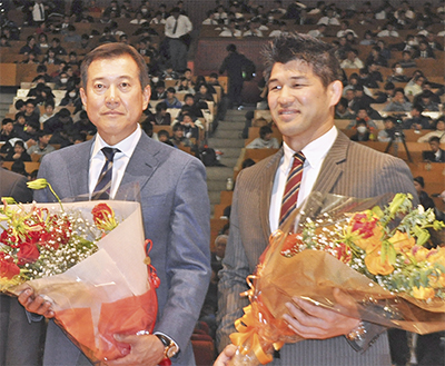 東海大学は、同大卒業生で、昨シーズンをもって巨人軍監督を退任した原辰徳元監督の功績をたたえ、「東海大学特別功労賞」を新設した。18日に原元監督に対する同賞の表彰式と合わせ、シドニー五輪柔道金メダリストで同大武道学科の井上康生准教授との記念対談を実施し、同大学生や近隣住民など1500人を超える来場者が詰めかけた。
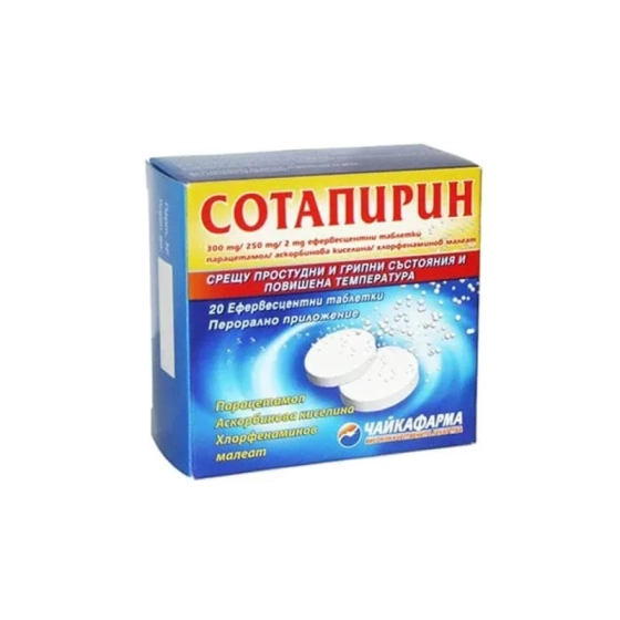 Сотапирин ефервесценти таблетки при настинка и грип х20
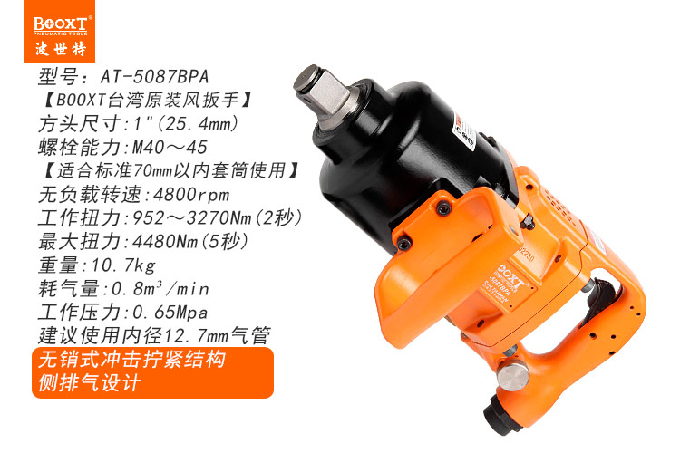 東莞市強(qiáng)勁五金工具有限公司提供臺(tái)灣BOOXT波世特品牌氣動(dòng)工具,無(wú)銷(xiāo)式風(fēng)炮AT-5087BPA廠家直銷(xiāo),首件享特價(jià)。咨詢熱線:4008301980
· · · · ·
-- TASK GOAL --
Reproduce, with the pictures omitted, exactly those lines that run from the line with "Сотапирин ефервесценти таблетки" to the last line of the material, both ends included.

-- RESULT FOR THIS EXERCISE --
 Сотапирин ефервесценти таблетки при настинка и грип х20
 東莞市強(qiáng)勁五金工具有限公司提供臺(tái)灣BOOXT波世特品牌氣動(dòng)工具,無(wú)銷(xiāo)式風(fēng)炮AT-5087BPA廠家直銷(xiāo),首件享特價(jià)。咨詢熱線:4008301980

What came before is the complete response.